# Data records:
<<<<

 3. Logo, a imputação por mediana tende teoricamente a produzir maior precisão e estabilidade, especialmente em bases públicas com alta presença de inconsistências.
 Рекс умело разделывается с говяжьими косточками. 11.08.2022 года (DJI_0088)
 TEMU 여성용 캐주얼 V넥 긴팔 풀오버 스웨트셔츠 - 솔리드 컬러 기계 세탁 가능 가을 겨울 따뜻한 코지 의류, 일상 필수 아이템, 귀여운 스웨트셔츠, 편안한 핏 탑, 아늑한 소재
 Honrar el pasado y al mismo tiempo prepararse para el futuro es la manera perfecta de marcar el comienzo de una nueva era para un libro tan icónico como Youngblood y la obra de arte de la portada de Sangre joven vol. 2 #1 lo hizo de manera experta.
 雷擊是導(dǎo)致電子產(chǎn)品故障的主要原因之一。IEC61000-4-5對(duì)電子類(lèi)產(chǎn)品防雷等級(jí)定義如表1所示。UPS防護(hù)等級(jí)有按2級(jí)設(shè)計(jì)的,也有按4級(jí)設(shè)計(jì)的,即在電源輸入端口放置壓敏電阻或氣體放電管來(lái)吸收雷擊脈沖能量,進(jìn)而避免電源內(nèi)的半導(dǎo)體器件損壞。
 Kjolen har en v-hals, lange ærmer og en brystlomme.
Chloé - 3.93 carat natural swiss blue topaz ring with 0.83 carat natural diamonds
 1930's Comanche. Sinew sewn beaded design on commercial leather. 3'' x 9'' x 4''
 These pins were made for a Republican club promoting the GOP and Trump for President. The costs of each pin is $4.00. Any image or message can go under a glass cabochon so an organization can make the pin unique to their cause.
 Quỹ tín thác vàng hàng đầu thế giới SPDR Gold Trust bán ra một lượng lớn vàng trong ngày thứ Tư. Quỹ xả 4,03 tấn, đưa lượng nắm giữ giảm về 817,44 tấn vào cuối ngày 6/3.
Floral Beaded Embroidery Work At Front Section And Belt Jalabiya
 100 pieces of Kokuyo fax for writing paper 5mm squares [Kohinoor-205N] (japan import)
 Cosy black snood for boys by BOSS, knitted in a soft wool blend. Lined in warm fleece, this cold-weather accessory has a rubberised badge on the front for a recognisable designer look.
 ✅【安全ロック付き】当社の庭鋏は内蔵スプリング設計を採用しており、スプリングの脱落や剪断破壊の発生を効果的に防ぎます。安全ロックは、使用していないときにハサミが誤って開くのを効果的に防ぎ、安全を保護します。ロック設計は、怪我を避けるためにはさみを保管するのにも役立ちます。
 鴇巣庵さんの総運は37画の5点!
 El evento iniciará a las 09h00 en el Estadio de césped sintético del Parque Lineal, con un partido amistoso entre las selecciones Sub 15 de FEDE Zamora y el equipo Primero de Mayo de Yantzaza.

>>>>

All lines above from the one holding "雷擊是導(dǎo)致電子產(chǎn)品" to the one holding "These pins were", inclusive, are to be copied exactly; no other line is wanted.

# TASK ANSWER:
 雷擊是導(dǎo)致電子產(chǎn)品故障的主要原因之一。IEC61000-4-5對(duì)電子類(lèi)產(chǎn)品防雷等級(jí)定義如表1所示。UPS防護(hù)等級(jí)有按2級(jí)設(shè)計(jì)的,也有按4級(jí)設(shè)計(jì)的,即在電源輸入端口放置壓敏電阻或氣體放電管來(lái)吸收雷擊脈沖能量,進(jìn)而避免電源內(nèi)的半導(dǎo)體器件損壞。
 Kjolen har en v-hals, lange ærmer og en brystlomme.
Chloé - 3.93 carat natural swiss blue topaz ring with 0.83 carat natural diamonds
 1930's Comanche. Sinew sewn beaded design on commercial leather. 3'' x 9'' x 4''
 These pins were made for a Republican club promoting the GOP and Trump for President. The costs of each pin is $4.00. Any image or message can go under a glass cabochon so an organization can make the pin unique to their cause.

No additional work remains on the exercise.